En Ontario, le gouvernement libéral veut privatiser 60 % d'Hydro One, créé lors du démantèlement d'Ontario Hydro en 1999 par l'ex-premier ministre Mike Harris. Queen's Park veut aller chercher 4 milliards $ notamment pour financer les infrastructures.

Toutefois, le projet est loin d'obtenir l'unanimité. Selon un sondage récent, 61 % des Ontariens sont contre et 77 % des personnes sondées croient que la facture gonflerait avec cette privatisation.

Au Québec, la question demeure hautement controversée. Elle a été évoquée dans certains rapports, notamment celui des économistes Claude Montmarquette et Luc Godbout.

Le premier ministre Philippe Couillard avait rejeté cette idée, mais au printemps, le ministre des Finances Carlos Leitao avait avoué que tous les scénarios étaient sur la table.

«Je trouve cela curieux, car il y a une motion qui a été votée à l'unanimité à l'Assemblée nationale et il n'est pas question de privatiser Hydro-Québec», a soutenu le chef péquiste Pierre Karl Péladeau, présent lors de la conférence.

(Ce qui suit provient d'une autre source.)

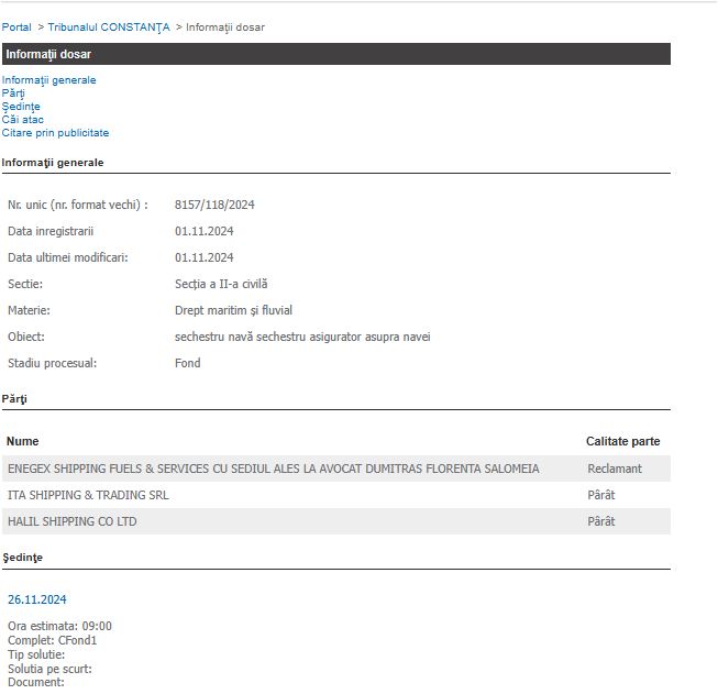 Pe data de 01.11.2024, pe rolul Tribunalului Constanța, Secţia a II-a civilă, Materie - Drept maritim şi fluvial a fost înregistrat dosarul nr. 8156/118/2024 cu obiectul - reţinere navă ordonanță presedințială. Părțile dosarului aflat în stadiul procesural de fond sunt: Enegex Shipping Fuels & Services cu sediul ales la avocat Dumitraș Florenta Salomeia – reclamant, iar ITA Shipping & Trading SRL și Halil Shipping CO LTD – pârâți.

«On l'oublie souvent, mais Hydro permet de financer l'éducation et la santé. C'est une richesse collective.»

Hydro-Québec n'a pas commenté, mais sur Twitter, la société d'État semblait vouloir corriger le tir en interpellant les internautes. «Il s'agit de suivre ce qui se passe en Ontario, non pas de privatiser», nous a-t-on écrit.

Pas de problème avec son salaire et sa retraite

En ce qui concerne son ancien salaire annuel de 483 000 $ et sa retraite dorée, M. Vandal n'y voit pas de problème, même en ces temps d'austérité où le gouvernement Couillard demande aux contribuables de se serrer la ceinture.

«Comparez la rémunération des dirigeants des entreprises ailleurs au Canada et aux États-Unis et vous verrez que le gouvernement et les Québécois en ont pour leur argent avec ce qu'ils versent au président d'Hydro-Québec», a-t-il assuré à la journaliste.

Sur le développement de l'éolien, qui a un impact à la hausse sur la facture des clients selon Hydro-Québec, M. Vandal défend son développement.

«L'éolien au Québec a démarré essentiellement en 2002-2003, à un moment où tout indiquait que les besoins en électricité étaient fortement à la hausse, et les prix aussi. (...) Mais il y a eu une grande restructuration dans l'industrie des pâtes et papiers qui a fait chuter dramatiquement le nombre de papetières entraînant une chute tout aussi spectaculaire de la demande d'électricité», a-t-il expliqué.

Mais selon lui, ce développement qui aide les régions du Québec doit maintenant être revu.

«La question qui se pose aujourd'hui c'est: à quel rythme doit-on poursuivre le développement de l'éolien? En a-t-on fait assez pour que cette industrie se renouvelle simplement en entretenant le parc existant par exemple? Est-elle en mesure de s'autosuffire?», a-t-il demandé.

Un gestionnaire, un militaire

Sur les décisions controversées comme l'éolien ou le financement de l'industrie de l'aluminium, M. Vandal affirme qu'il vient d'une famille de militaires et que certaines décisions appartiennent à «la sphère politique».

Concernant les hausses successives de la facture d'électricité, il maintient que la situation des Québécois «demeure une des plus avantageuses au Canada et aux États-Unis».

Au terme de son règne, M. Vandal considère que sa plus grande fierté demeure «l'amélioration des relations entre nos employés et les communautés autochtones».

«Car sans leur collaboration, il nous est impossible de remplir notre mission première, fournir de l'électricité aux Québécois», a estimé M. Vandal.